*** Opening of Data provided ***
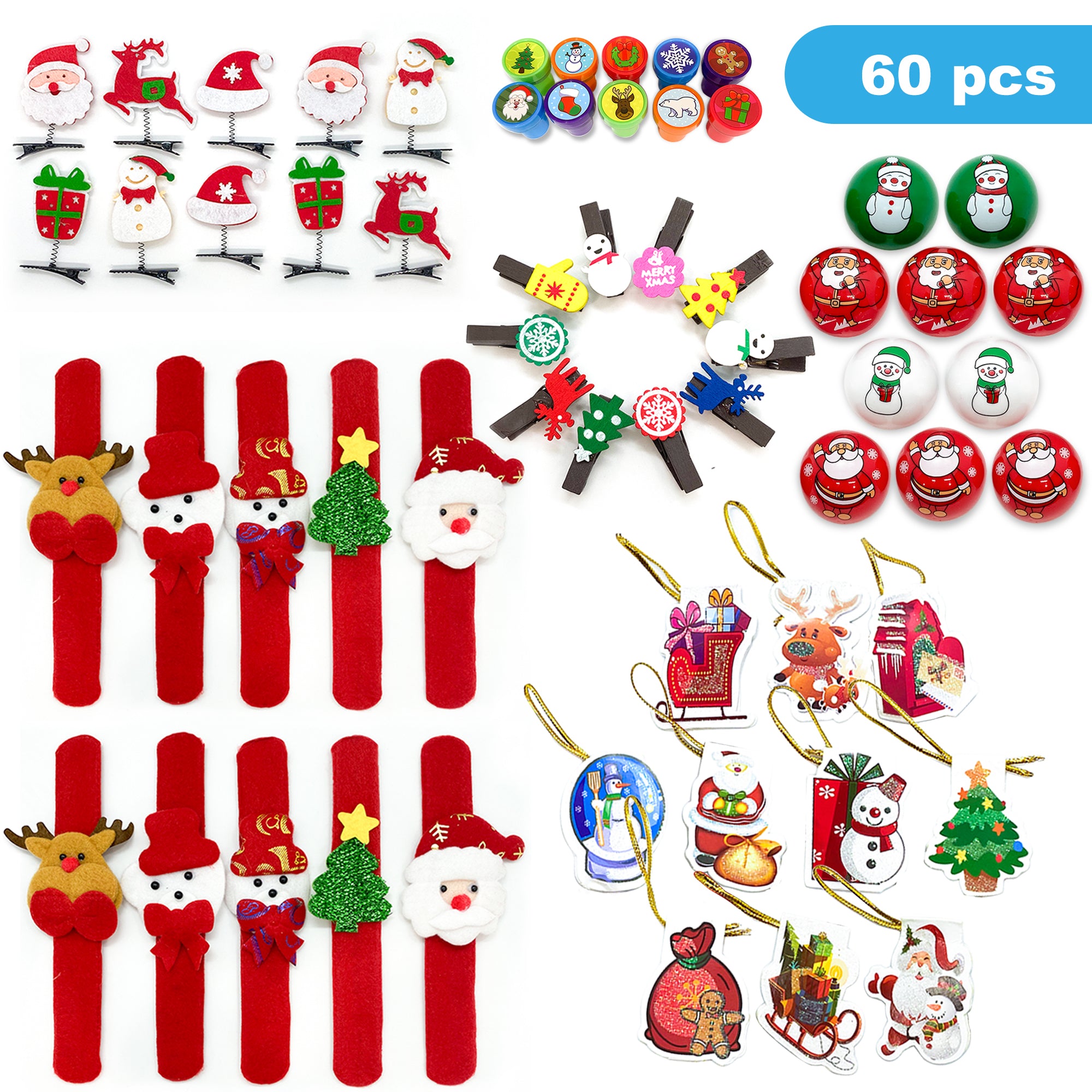 - ✅ VALUE CHRISTMAS PRIZE BOX: Our Christmas party favors for kids includes 6 kinds of assortment toys (60 pcs): Christmas theme felt clap bracelets, half round Christmas theme pull back cars, Christmas theme wooden clips, Christmas theme stamps, Christmas theme felt hair clips and Christmas theme hanging cards.
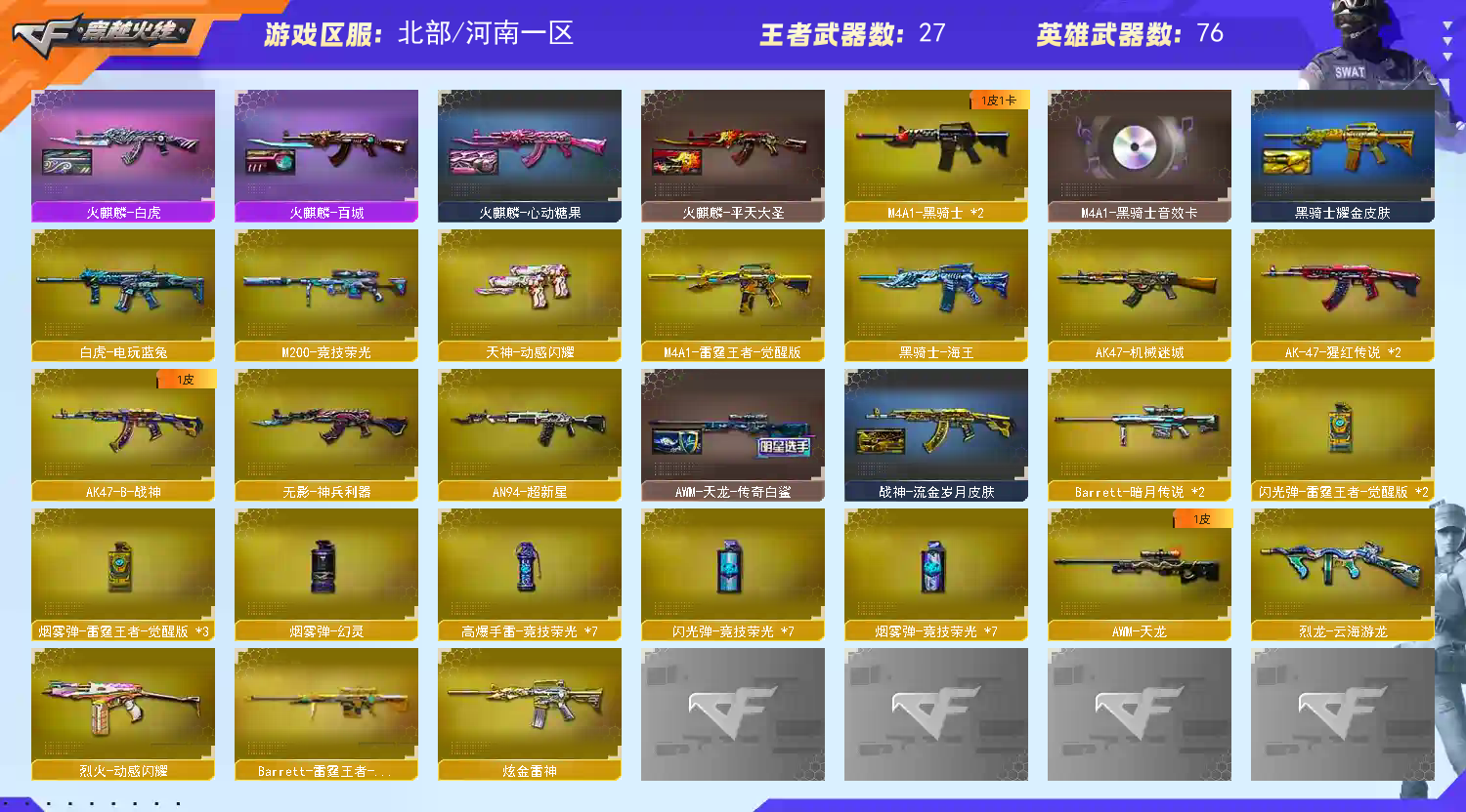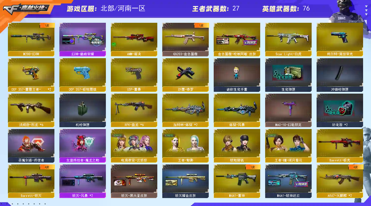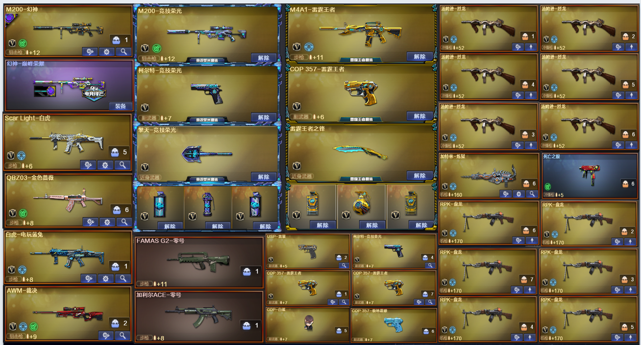 生化爆破双全装 幻神 白虎 qbz usp雷暴 cop白鲨 金色蔷薇空小人枪 裁决雪莉杨 9a91烈火 竞技荣光套 雷霆王者套 7套竞技荣光雷 7套雷霆王者雷 qbz枪娘阿敏皮肤 毁灭耀金皮肤 雷神赵云皮肤 火麒麟ag皮肤 黑骑士耀金皮肤 猫猫手套 佣兵觉醒属性 6烈死亡之眼 6盘炼狱不换弹!!;USP-雷暴,电竞教官-云悠悠,RPK-盘龙,QBZ03-金色蔷薇,M200-幻神,Scar Light-白虎,
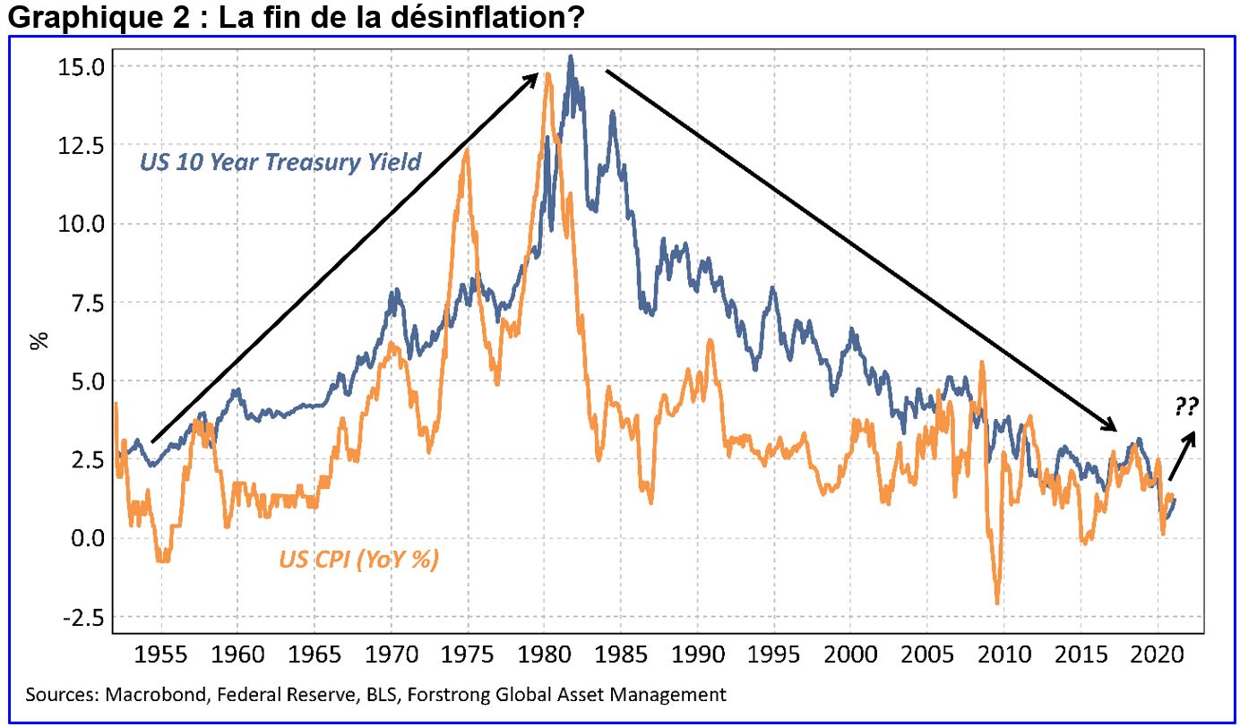 Dans le monde de l’élaboration de la politique budgétaire, la pandémie aura marqué une franche rupture. Les mesures de relance budgétaires sont arrivées aussi vite qu’énergiquement. Beaucoup prévoient néanmoins des programmes de dépenses budgétaires supplémentaires, qui vont des baisses d’impôts aux programmes d’infrastructures, en passant par des initiatives pour sortir toujours plus le monde de sa dépendance au carbone. Tout cela est sous-tendu par la théorie monétaire moderne (à ce sujet : https://forstrong.com/ask-forstrong/ask-forstrong-modernmonetary-theory-the-bar-is-finally-open/). Chose importante, une idée fait maintenant consensus parmi les décideurs, celle selon laquelle en faire trop peu serait beaucoup plus risqué que d’en faire trop. Le temps de l’austérité et de la dénonciation des déficits est révolu.
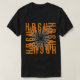 Ein dynamisches T - Shirt-Design mit einem wirbelnden Muster überlappender Buchstaben, in erster Linie "H", "B", "C." und "U" Die Buchstaben sind chaotisch, aber visuell ansprechend angeordnet und schaffen ein Gefühl von Bewegung und Energie. Die kontrastierenden Orange- und Grautöne verleihen dem Design mehr Tiefe und Dimension.
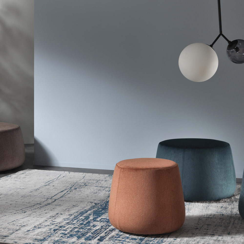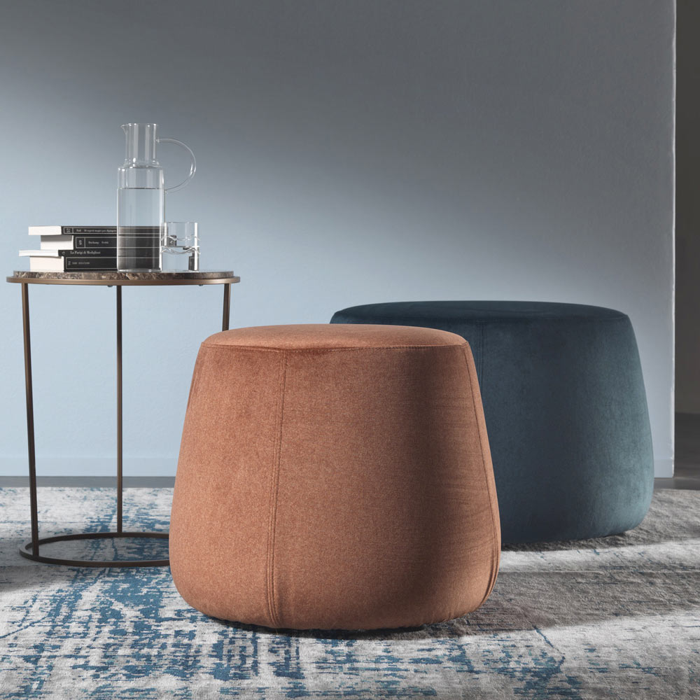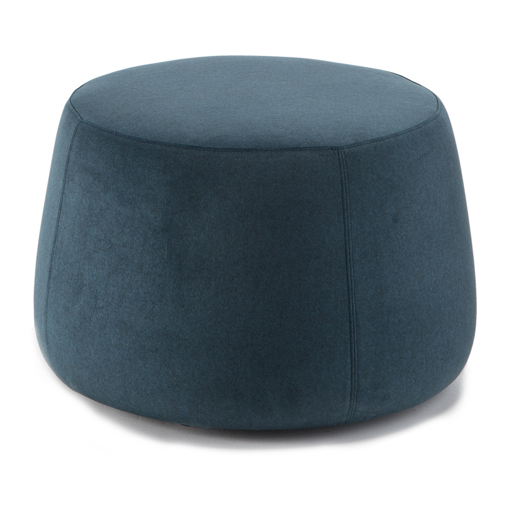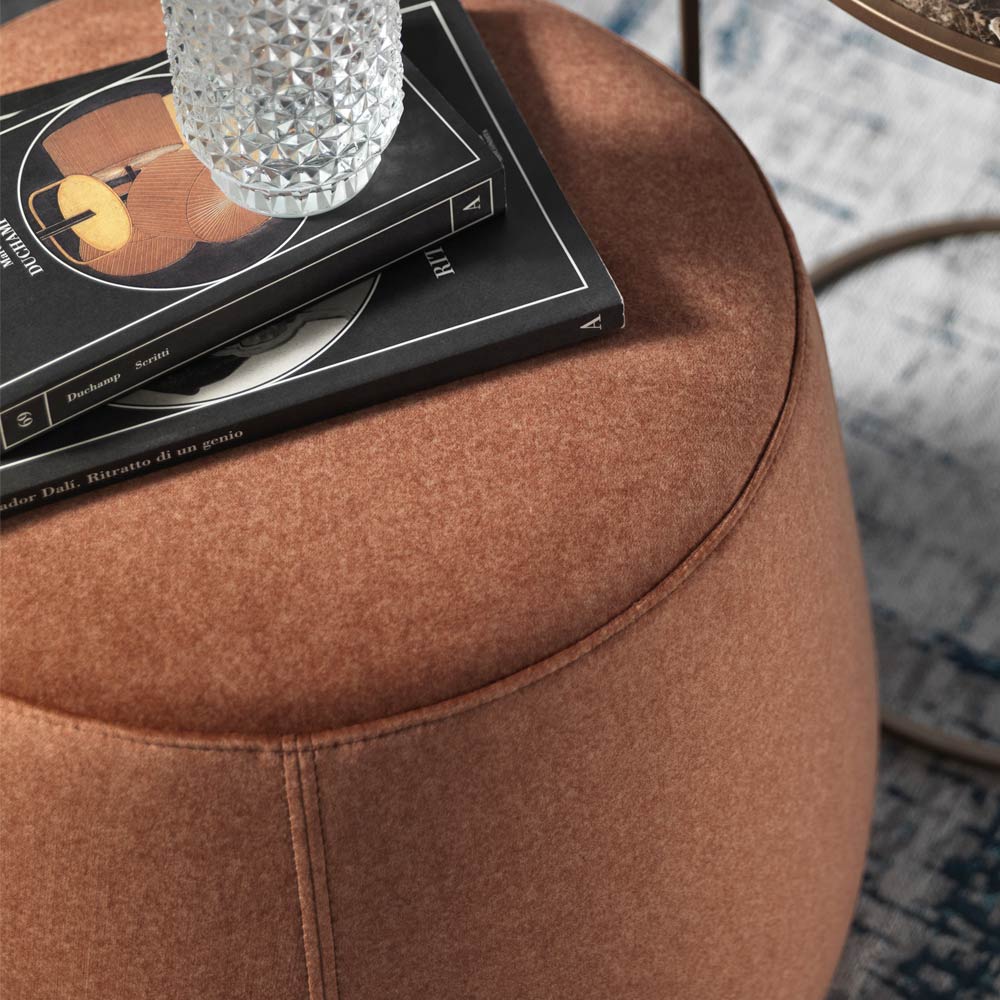El puf de diseño moderno y redondo disponible en tres anchos diferentes está completamente revestido en suave terciopelo extraíble disponible en 6 acabados.
*** Close of Data provided ***
Exercise aim | Repeat the listing above in full, exactly, and omit its pictures.

Answer space |
 - ✅ VALUE CHRISTMAS PRIZE BOX: Our Christmas party favors for kids includes 6 kinds of assortment toys (60 pcs): Christmas theme felt clap bracelets, half round Christmas theme pull back cars, Christmas theme wooden clips, Christmas theme stamps, Christmas theme felt hair clips and Christmas theme hanging cards.
 生化爆破双全装 幻神 白虎 qbz usp雷暴 cop白鲨 金色蔷薇空小人枪 裁决雪莉杨 9a91烈火 竞技荣光套 雷霆王者套 7套竞技荣光雷 7套雷霆王者雷 qbz枪娘阿敏皮肤 毁灭耀金皮肤 雷神赵云皮肤 火麒麟ag皮肤 黑骑士耀金皮肤 猫猫手套 佣兵觉醒属性 6烈死亡之眼 6盘炼狱不换弹!!;USP-雷暴,电竞教官-云悠悠,RPK-盘龙,QBZ03-金色蔷薇,M200-幻神,Scar Light-白虎,
 Dans le monde de l’élaboration de la politique budgétaire, la pandémie aura marqué une franche rupture. Les mesures de relance budgétaires sont arrivées aussi vite qu’énergiquement. Beaucoup prévoient néanmoins des programmes de dépenses budgétaires supplémentaires, qui vont des baisses d’impôts aux programmes d’infrastructures, en passant par des initiatives pour sortir toujours plus le monde de sa dépendance au carbone. Tout cela est sous-tendu par la théorie monétaire moderne (à ce sujet : https://forstrong.com/ask-forstrong/ask-forstrong-modernmonetary-theory-the-bar-is-finally-open/). Chose importante, une idée fait maintenant consensus parmi les décideurs, celle selon laquelle en faire trop peu serait beaucoup plus risqué que d’en faire trop. Le temps de l’austérité et de la dénonciation des déficits est révolu.
 Ein dynamisches T - Shirt-Design mit einem wirbelnden Muster überlappender Buchstaben, in erster Linie "H", "B", "C." und "U" Die Buchstaben sind chaotisch, aber visuell ansprechend angeordnet und schaffen ein Gefühl von Bewegung und Energie. Die kontrastierenden Orange- und Grautöne verleihen dem Design mehr Tiefe und Dimension.
El puf de diseño moderno y redondo disponible en tres anchos diferentes está completamente revestido en suave terciopelo extraíble disponible en 6 acabados.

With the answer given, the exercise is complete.